§ PROVIDED MATERIAL

BEGIN

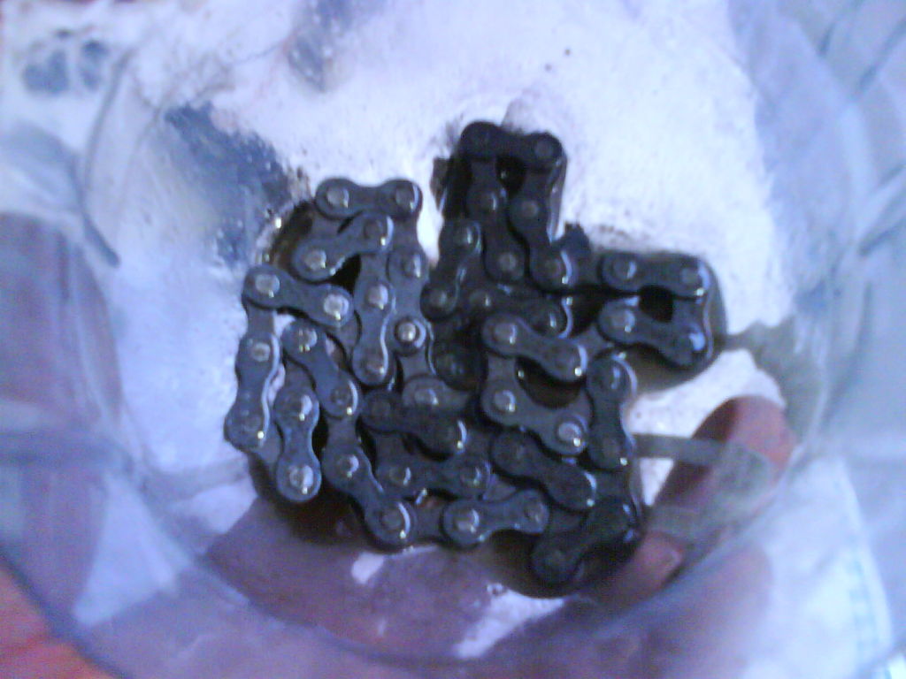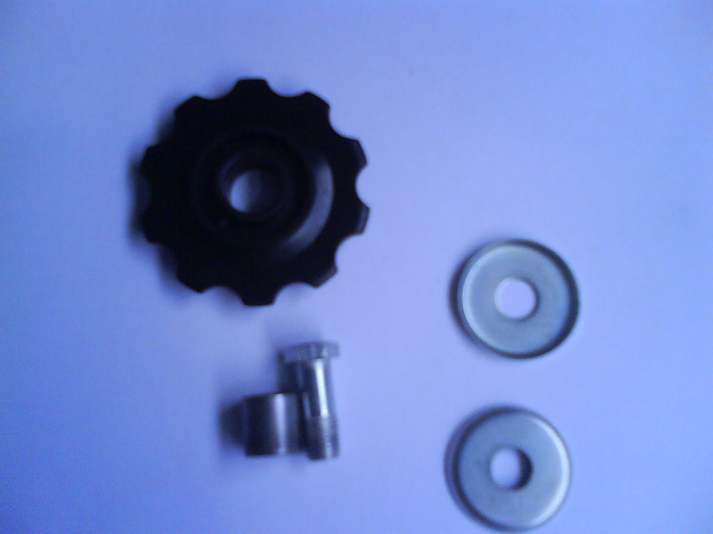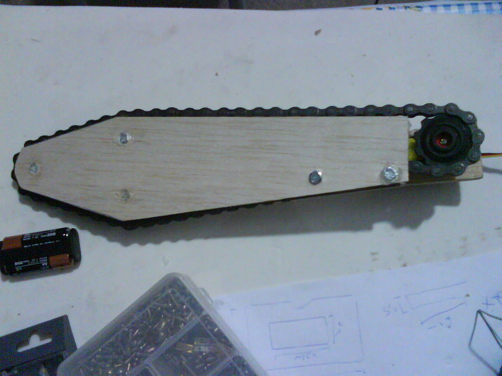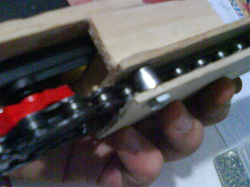 看到的是一块旧自行车链条(约75厘米),但将是非常沉重。起初,我把带钢上链,并试图寻找最佳位置的齿轮。之后,我用钻头孔,安装和固定齿轮。我把链和标记用钢笔,这样,当她被拉长,它应尽可能地在身体周围的钢带。经过这些调整后,我做了一个模板,以方便。我做了一个仆人的投放量,并用同样的方法试验和错误的山体伸进。结果发现,环比还是有点松。因此,我用两个螺丝的金属圆筒,一点点拉长产业链。结果是很不错的。注意:该金属圆筒必须仅由螺杆支撑,即,它必须运行,以便通过流。
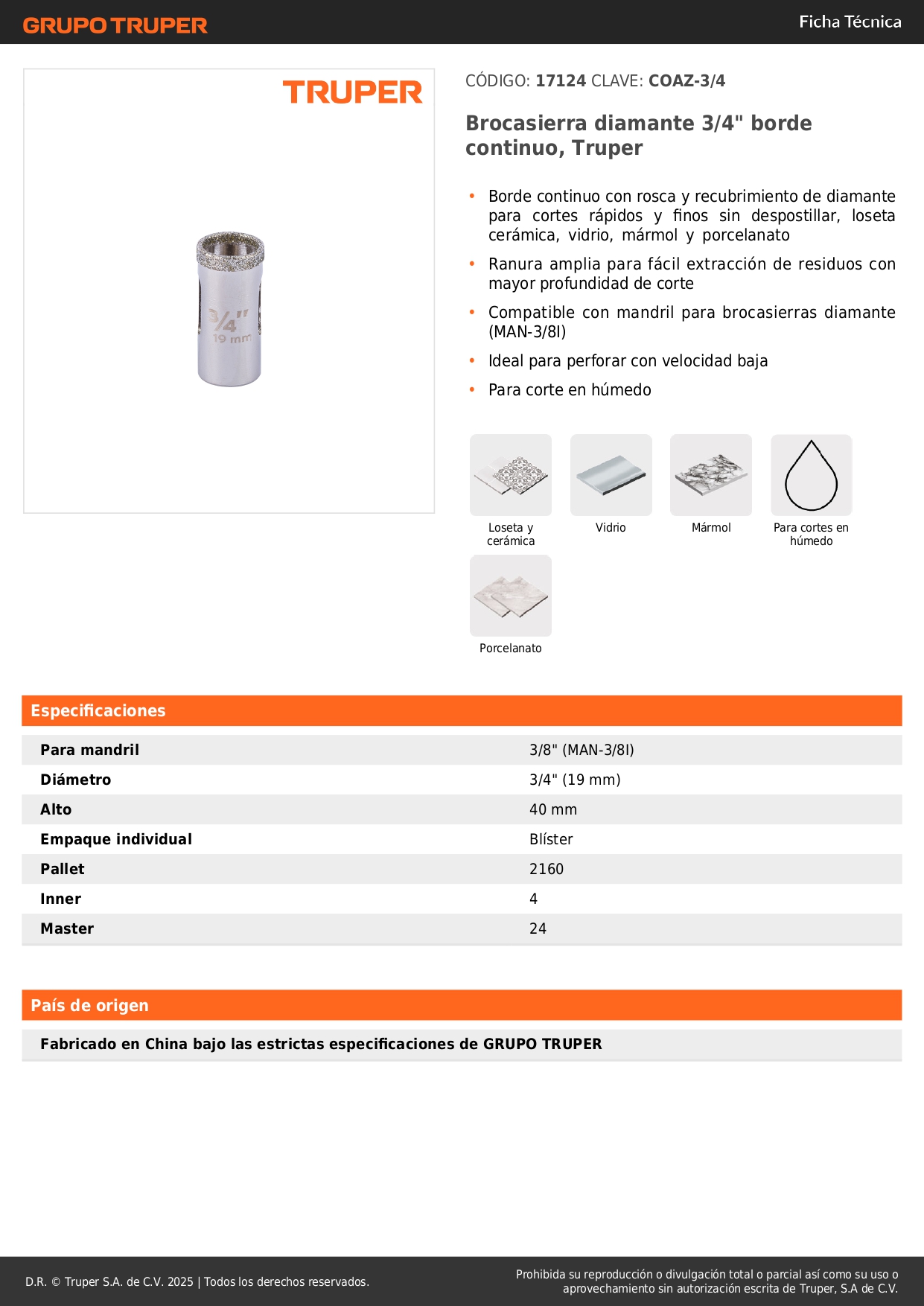 Sierra copa con diamante 3/4´´ borde continuo, truper
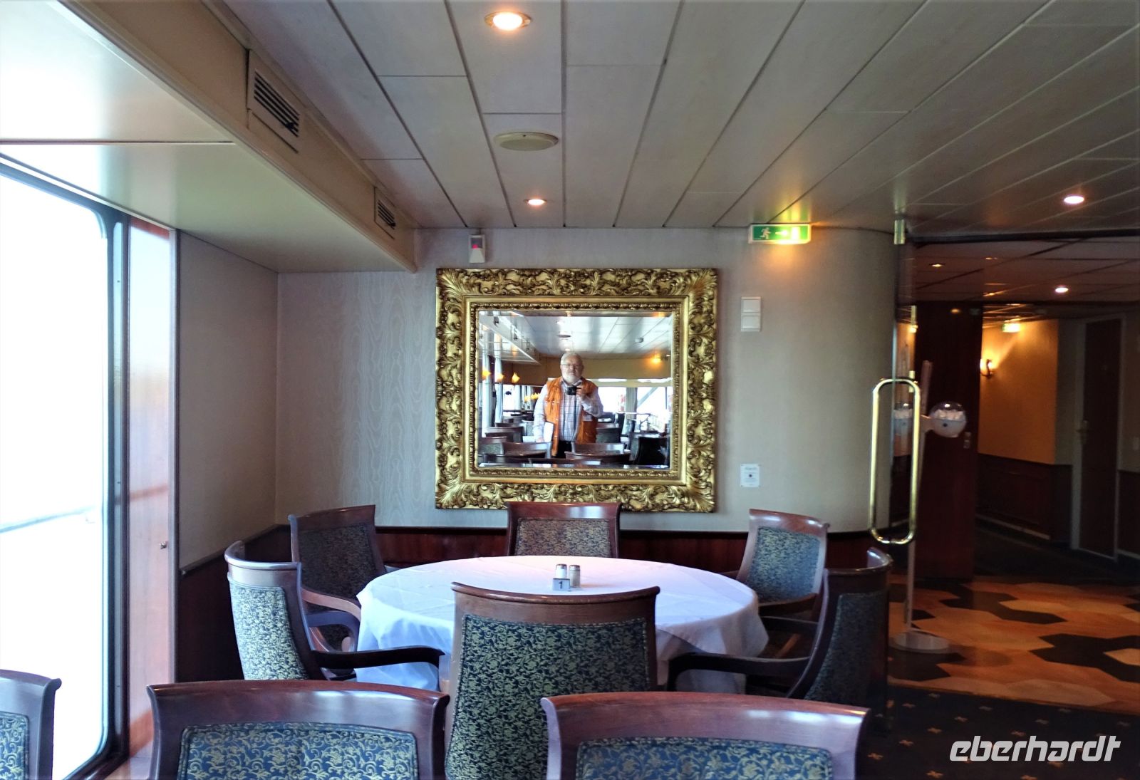 Und so traf man sich im Salon zu einem letzten Kaffeetrinken, ließ sich mit dem täglich bereitgestellten Kuchen verwöhnen und bereitete sich dann auf die Verabschiedung und das Kapitänsdinner vor.
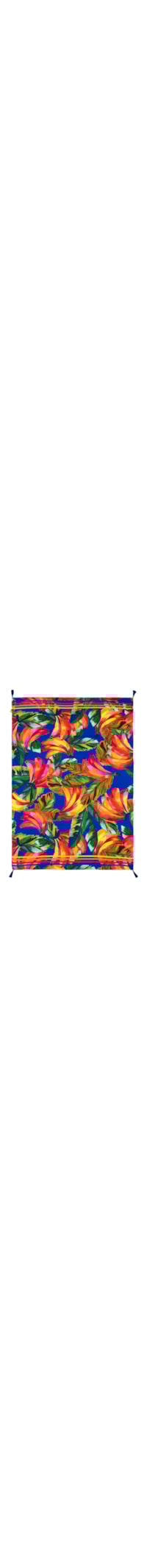A canga azul é confeccionada em tecido leve sem elasticidade. A peça possui tamanho grande, formato retangular, mix de estampas em cores contrastantes e tasseis aplicados. Acompanha bolsa pequena com para uso opcional em tactel com parte frontal em material sintético com detalhe de estampa figurativa de bananas nas cores amarelo e marrom e fechamento superior por zíper com gancho metálico.
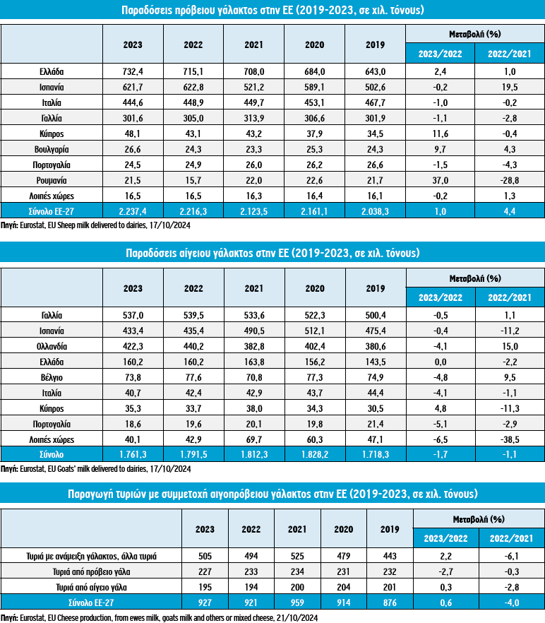 Η εξέλιξη αυτή προήλθε κυρίως από την άνοδο της παραγωγής σε τυριά με ανάμειξη γάλακτος, στα οποία κυριαρχεί η Ελλάδα (220 χιλ. τόνοι), χάρη στη συμμετοχή του αιγοπρόβειου γάλακτος στην παρασκευή φέτας, ο όγκος της οποίας ανήλθε το 2023 σε 148 χιλ. τόνους (+2,7%). Αντίθετα, πτώση σημειώθηκε στα τυριά από πρόβειο γάλα, προερχόμενα κυρίως από την Ισπανία και την Ιταλία, ενώ σταθερότητα παρουσίασαν τα τυριά από αίγειο γάλα, με κυριότερη παραγωγό χώρα τη Γαλλία.
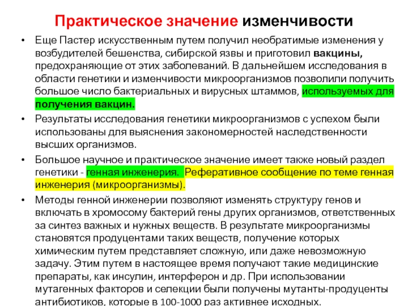 Слайд 30Практическое значение изменчивости

END

§ ASSIGNMENT
Print again, exactly, the lines of the records above from the first line through the line with "Und so traf". No pictures.

§ FINISHED EXERCISE
 看到的是一块旧自行车链条(约75厘米),但将是非常沉重。起初,我把带钢上链,并试图寻找最佳位置的齿轮。之后,我用钻头孔,安装和固定齿轮。我把链和标记用钢笔,这样,当她被拉长,它应尽可能地在身体周围的钢带。经过这些调整后,我做了一个模板,以方便。我做了一个仆人的投放量,并用同样的方法试验和错误的山体伸进。结果发现,环比还是有点松。因此,我用两个螺丝的金属圆筒,一点点拉长产业链。结果是很不错的。注意:该金属圆筒必须仅由螺杆支撑,即,它必须运行,以便通过流。
 Sierra copa con diamante 3/4´´ borde continuo, truper
 Und so traf man sich im Salon zu einem letzten Kaffeetrinken, ließ sich mit dem täglich bereitgestellten Kuchen verwöhnen und bereitete sich dann auf die Verabschiedung und das Kapitänsdinner vor.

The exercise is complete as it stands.